School visits are also part of the therapeutic process. Dr. Rouse goes into the classroom to observe and evaluate a child’s behavior and then meets with teachers and aides. “We give them feedback on what strategies they can try that might help improve the child’s behavior in school,” says Dr. Rouse. “Then we’ll go back in a few weeks and see if there’s been improvement or see what can be further tweaked. It gives us a greater reach because some parents will come in and say, ‘I don’t know what’s going on, he’s fine at home and there are just all these problems at school.’”

Dr. Rouse has also provided intensive treatment to families who live outside the state, spending perhaps a week working with parents and the child eight to ten hours a day in their homes to learn the skills and being on site when things get difficult. “It can really bring things to life in a different way,” he says, “because you’re in the home, you’re not in this kind of artificial environment.”
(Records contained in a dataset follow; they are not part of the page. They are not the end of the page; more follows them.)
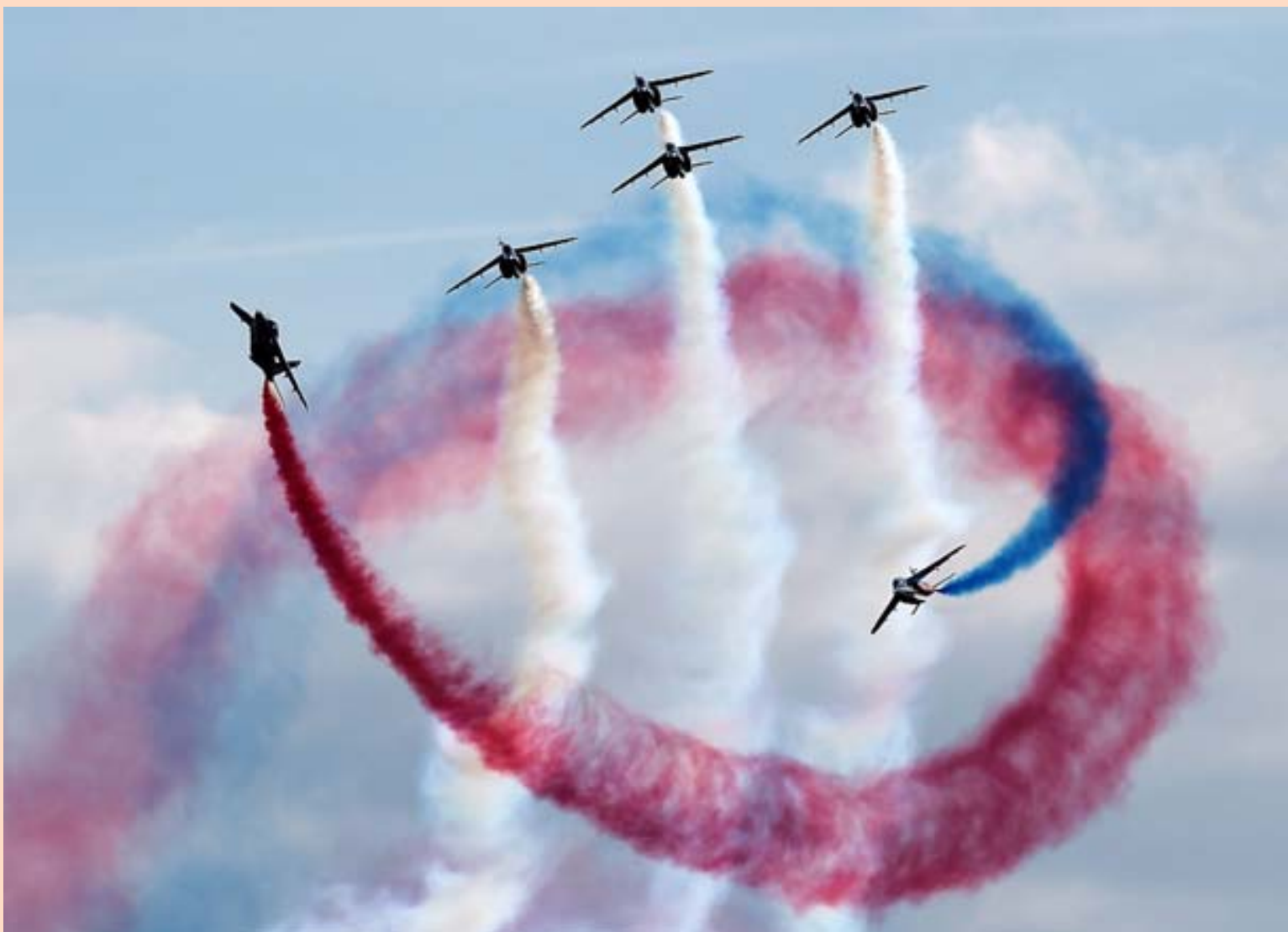
Þotur úr flugflota Patrouille de France léku listir í Hagenau í austurhluta Frakklands á sunnudaginn.
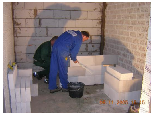
Errichten einer Trennwand aus Glasbetonbausteinen in einem zukünftigen Künstleratelier.
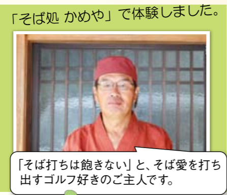
「そば処 かめや」で体験しました。「そば打ちは飽きない」と、そば愛を打ち出すゴルフ好きのご主人です。

日野郡産そば粉とおいしい水を使って打つそば。最初から最後まで気を抜けない奥深さも魅力の一つ。自分で打ったそばは格別です!
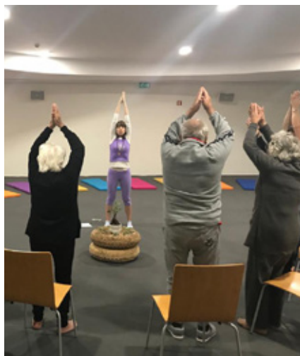
BIBLIOTECA MUNICIPAL MANUEL ALEGRE

Em Abril, mês do Dia Internacional do Livro e do Dia Mundial do Livro, a Biblioteca Municipal de Anadia entra em festa, distribuindo prémios variados aos utilizadores que requisitem domiciliariamente livros. Por cada livro requisitado, o utilizador recebe uma senha que o habilita a com conjunto de prémios diversos.
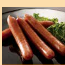
〈札幌市/春雪さぶーる〉 あらびきウインナー 20点限り 594円 (105g/1パック)

If parents are having trouble around bedtime, Dr. Rouse will be right there with them: “You say, ‘Well, what time’s bedtime?’ Okay, I’ll come at 8:30 tonight and I’ll coach you through using these skills around bedtime.’ ”

Phone coaching as part of DBT         

Dialectical behavior therapy is a highly structured therapy used to treat conditions that involve what clinicians call “emotional dysregulation,” including depression, bipolar disorder and borderline personality disorder. Its chief goal is to help teens regulate their out-of-control emotions, especially when faced with stressful or triggering situations.

One unusual, and essential, part of DBT is phone coaching. In DBT group skills training kids learn strategies to coping more effectively with powerful feelings and difficult situations. Patients are asked to practice these skills at home between sessions. But they’re also required to call their therapists — usually when they’re struggling to use a skill to deal with something stressful and it’s not working.

“So they can call the therapist and get coaching in the moment to be able to implement the skill in their natural world, if you will,” says Jill Emanuele, PhD, a clinical psychologist who specializes in mood disorders.

The calls, which usually last no more than 10 minutes, are not meant to be a remote therapy session. They’re meant to be focused on what the client is struggling with in that moment, deciding which DBT skill best addresses that problem and then implementing it.

Sometimes, Dr. Emanuele says, teens are hesitant to bother their therapists, so the therapist will make appointments for them to call, even if it’s just to check in. “We also encourage them to call if something really good happens. So they can share good news,” she says. “But the main focus is on practicing skills in the moment and using those coping strategies — the effective ones instead of the ineffective ones, such as self-injury.”

Dr. Emanuele warns that there are many therapists who claim to practice DBT but don’t include the phone-coaching mode as part of treatment. “Without every mode being present,” she says, “it’s not DBT.”

This article was last reviewed or updated on November 13, 2024.